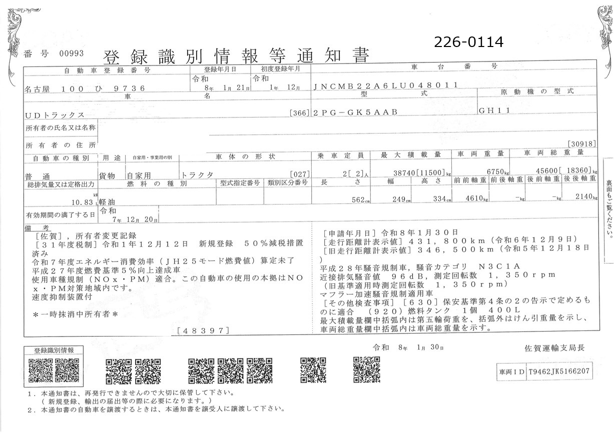 | 形状 | トラクター | 年式 | R01/12 |
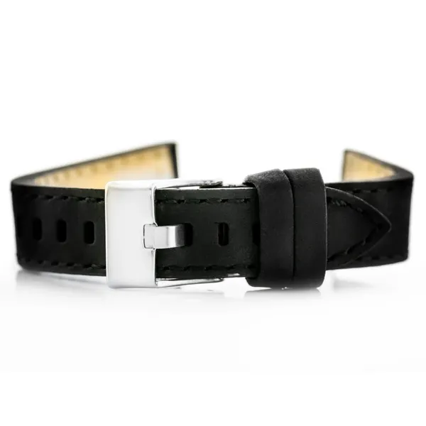 • Fekete természetes bőr óraszíj alátéttel, 22 mm
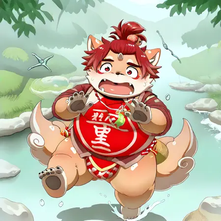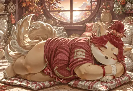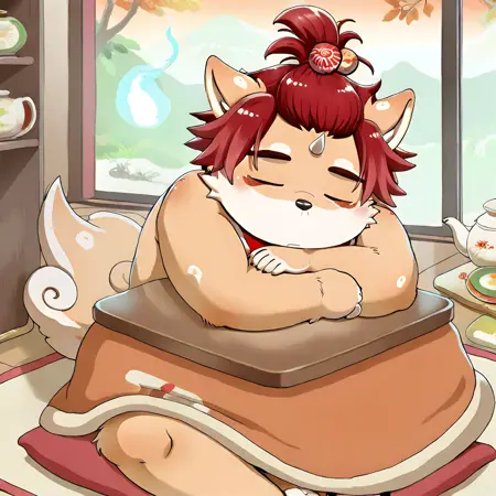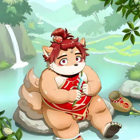 狐の精の少年、ケモノ、人型狐、フューリー、ぽっちゃり、がっしり、バラ、薄茶色の毛、タン色の毛、ツートンカラーの毛、
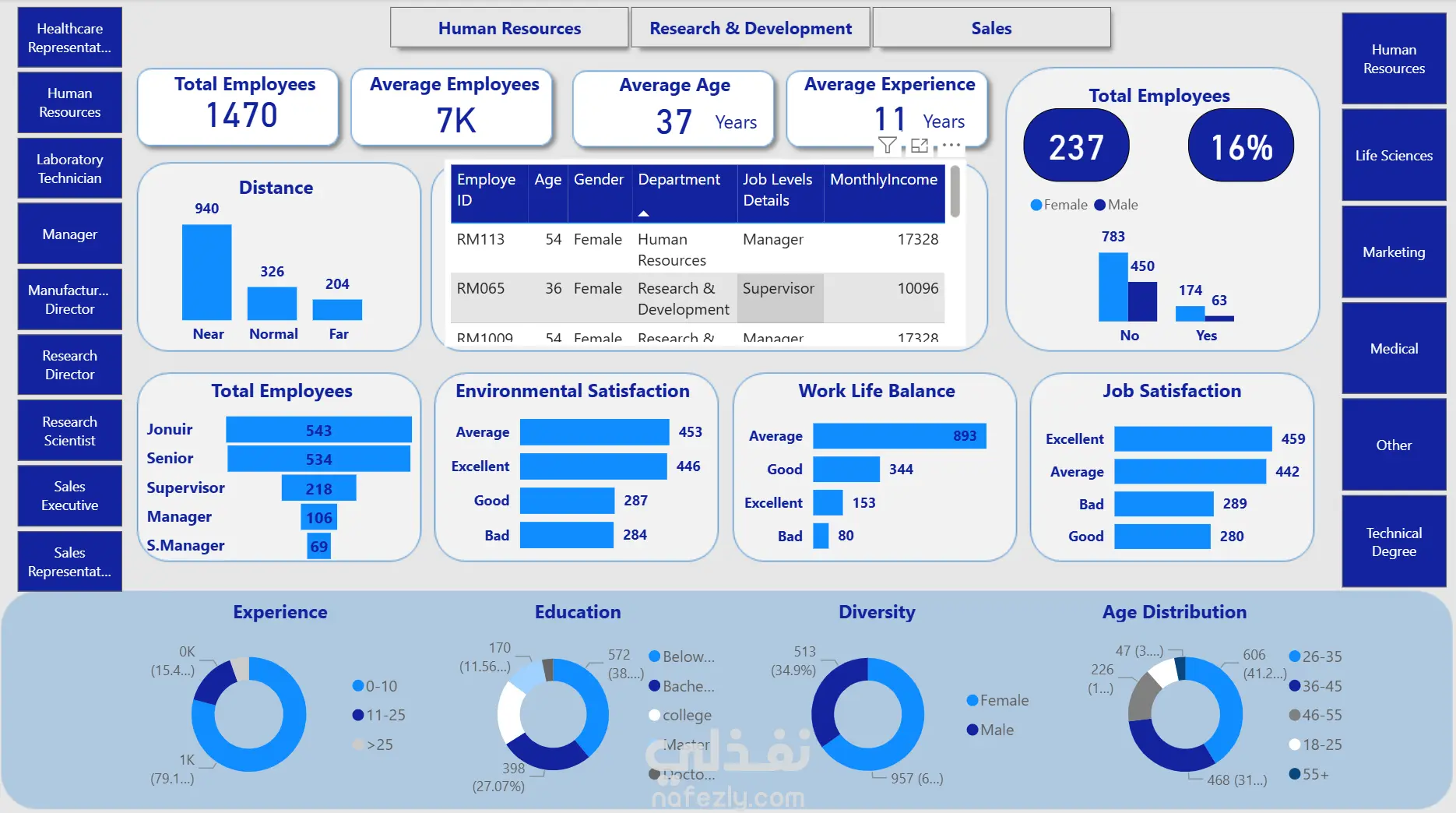 This project is an HR Analytics Dashboard developed in Power BI to visualize and analyze key HR metrics such as employee performance, attrition, demographics, and satisfaction levels.
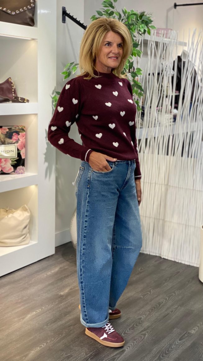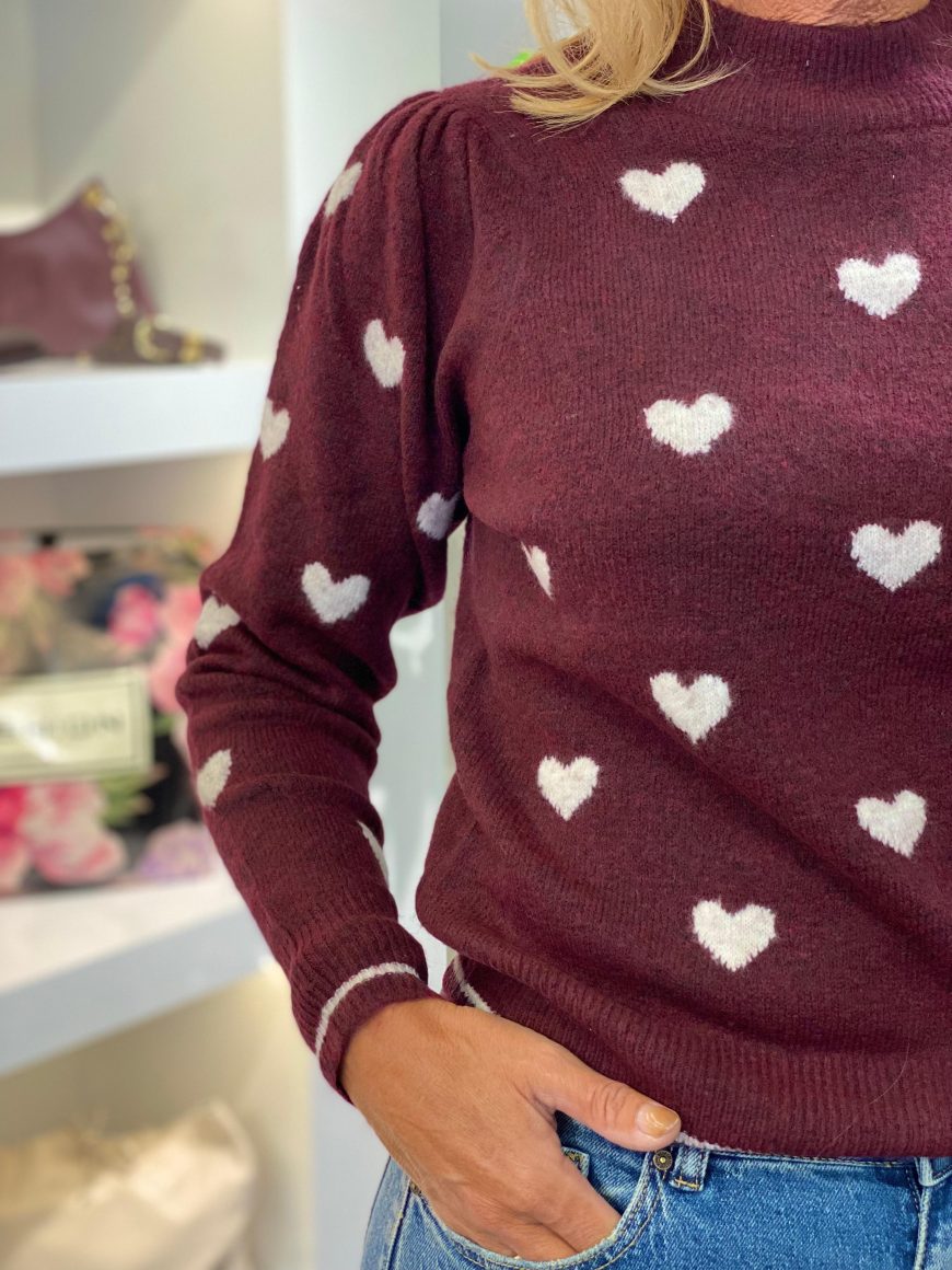 De Faith pullover van Freequent is een trui in een zachte, gebreide stof met een fijn hartjespatroon. De trui heeft lange pofmouwen, een casual pasvorm en een ribboord met een contrasterende streep voor een stijlvolle look.
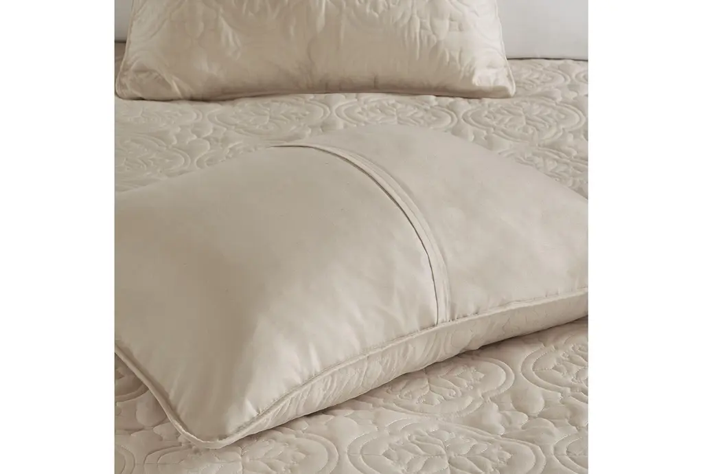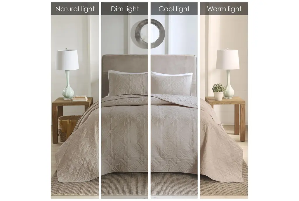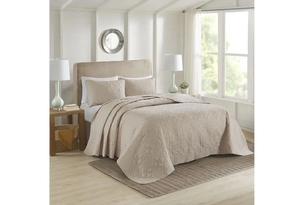 King Bedspread-Khaki Oakley Polyester Reversible 3 Piece Set With 1 Bedspread & 2 King Shams | Machine Washable
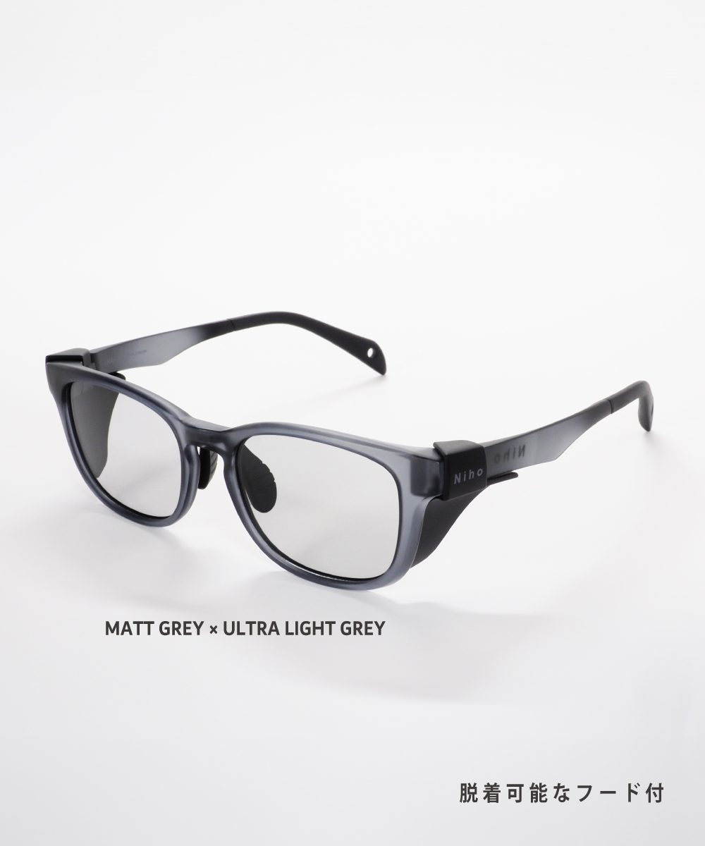 Niho|-HAKU- エッジが効いたシャープなウエリントン形状/スモークグレーマット3/日本製”超”薄色偏光レンズ採用
++++
• WHAT YOU WILL DO
Your task is to write out, exactly and without pictures, only the lines from the one holding "alátéttel, 22 mm" to the last line of the data.

• WRITTEN SOLUTION
 • Fekete természetes bőr óraszíj alátéttel, 22 mm
 狐の精の少年、ケモノ、人型狐、フューリー、ぽっちゃり、がっしり、バラ、薄茶色の毛、タン色の毛、ツートンカラーの毛、
 This project is an HR Analytics Dashboard developed in Power BI to visualize and analyze key HR metrics such as employee performance, attrition, demographics, and satisfaction levels.
 De Faith pullover van Freequent is een trui in een zachte, gebreide stof met een fijn hartjespatroon. De trui heeft lange pofmouwen, een casual pasvorm en een ribboord met een contrasterende streep voor een stijlvolle look.
 King Bedspread-Khaki Oakley Polyester Reversible 3 Piece Set With 1 Bedspread & 2 King Shams | Machine Washable
 Niho|-HAKU- エッジが効いたシャープなウエリントン形状/スモークグレーマット3/日本製”超”薄色偏光レンズ採用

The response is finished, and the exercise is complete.